Self-Portrait

by Mathangi Krishnamurthy

ScreenHunter_2328 Oct. 24 12.06Interviews and dates begin thus, “Tell me something about yourself”. In that moment, I balk. After all, what among a dozen different things might this question demand? Must I confess? Shall I tell all? Shall I say everything there is to say? Do I even know? Come to think of it, is who I am right now tantamount to who I will or want to be? Breathing deep, I brush away the doubts. I condense. I offer caveats. I make self and knowledge palatable to my interviewer. Eyes shining, legs crossed, smile wide, back straight, I produce all of the everything that must mean so little.

There is so much I'd like to say. But I fear incomprehension, and derision, and the walls between people that render them interested mainly in self. And yes, I know. This essay. But surely, things about self are also things about the world? In David Szalay's recent work, “All That Man Is”, one of his protagonists is dismayed that the world he knows ends with him; there is only one person capable of knowing this world, and he is afraid of mortality and how it will destroy this world. I wonder that he didn't ask the other question; if this world even exists. So in hopes that it does, and in trying to grapple with its ultimate destruction, let me tell you some things about myself.

Most times, I am not even sure I exist. I am wholly and entirely the Descartian subject, however. I walk around with a body from which I feel an arm's length distance. We live together, my body and I, in a tenderly choreographed dialectic. I marvel at it sometimes, so full in its materiality and definitive weight. I wear it like raiment; other times, it wears me. And some very rare times, like when I manage to hold a tree pose, we are one.

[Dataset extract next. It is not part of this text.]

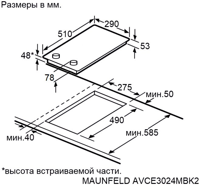 Ширина 29 см, глубина 51 см, высота 5,3 см – панель идеально подходит для узких столешниц, для установки рядом с газовой плитой в качестве дополнительной зоны или для компактных кухонь, где важен каждый сантиметр.

Time passes by, and I try hard to hold it down. One of the great joys of my life is to look at old photographs, one by one, and fill in all the lives in between. Somehow, the present moment does not seem to have the same capacity for meaning. My past lives petrified in photographs seem to have been so whole, so lively, so full of pleasures that one could have not imagined in the moment when they were lived. Or maybe they were. Maybe the photographs tell the truth. Here I am smiling, here's the sun, so present, and here, there, and everywhere is the world in all its details. So full of promise that I no longer recognize my present in the wake of such a past. Like Susan Sontag suggests, in my photographs, I collect the world, and I am acquisitive of my own past selves.

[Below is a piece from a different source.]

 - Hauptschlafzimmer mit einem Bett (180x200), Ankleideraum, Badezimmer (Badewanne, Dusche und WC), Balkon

My anger as a woman is matched often by my anger at being a woman. But I experience gender only when I am named, recognized, interpellated. Or when my body leaks. I am not sure if I have gender, or if gender has me. I do know, as Stuart Hall argues, that I'm sutured into the category of a woman. And that suturing is strong at places, and weak at others. I consider my gender and its experiences as exceptional, and yet shudder when rendered as a fetish. In the same breath, I am, however, fascinated by the unmarked other, masculinity. That which I know very little of, and yet that which I also consider exceptional and fetishize. Perhaps, like a good structuralist, I should know that meaning lies in the relationship betwixt, that strange force-field of back and forth, and standing steady, and lurking known and unknown.

The form of the day fascinates me. I imagine its aspects as if I can see, touch, smell, and feel them. Mornings are pearl grey, mid mornings yellow, afternoons bright ochre, and evenings purple. Nights are bejewelled. There are smells of jasmine, citrus, and lavender. And each part of the day plays a different beat.

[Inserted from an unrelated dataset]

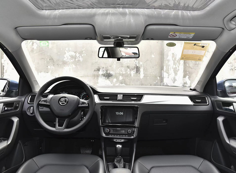 2022款斯柯達昕銳的內飾同樣延續了舊款車型的設計佈局,車內的質感是做得很一般的,車內配備了三輻式的多功能方向盤、機械指標+液晶屏的儀表盤和內嵌式的中控屏,科技感也是做得比較一般的。中控臺使用上了大面積的鍍鉻飾板進行裝飾,搭配上縫線工藝,看起來會精緻一些,但設計感和檔次感還是有待提升的。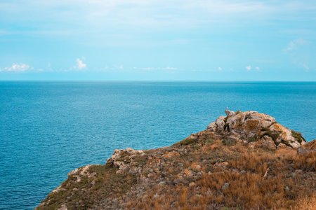 Fiolent cape, sea near Sevastopol. Sunny view of the Black Sea

I consider all spaces mine and no space mine. I inhabit space and make it my place. When I abandon it, no trace remains. My imprint is large, but treads light. I am writing this in a hotel room constructed of wood, bamboo, and thatch. The bathroom has no roof. My parapharnelia have found place across shelves, floors, and door knobs. It seems that I have been here forever. This is mine, in Gaston Bachelard's words, “a real cosmos in every sense of the word.” When I am gone later today, somebody will sweep and wash every inch, never knowing that this was mine. Another world will have disappeared.

The sea and I are not friends. Perhaps, I should not assume feelings on its behalf. Indifference would rightfully be its right. So, let's say, I am not friends with the sea. However, I can stare at it endlessly as it reminds me with its outward gaze that there it extends far and further than my eye can see. That it dances without me. That its gaze and preoccupations lie elsewhere. We play sometimes. I make contact, stepping slowly into the water, timid and bow-legged, to the point where I can still feel the sandy shore under my feet. This far and no further.

I think of words as solid entities. Between me and the world is always the word. But as many will tell you, the word is the world. It does not mediate; it conjures into being. This body, this pen, these thoughts, this flailing. Sometimes, I can step two inches away from a conversation and watch all of the words floating in the ether as they disconnect from all meaning and structure and intent. I can see and hear them in all their sonorous heaviness, and in that moment, they do not mediate, there is no world, and I cease to exist.

I could tell you so much more about myself, but I fear I will write myself away.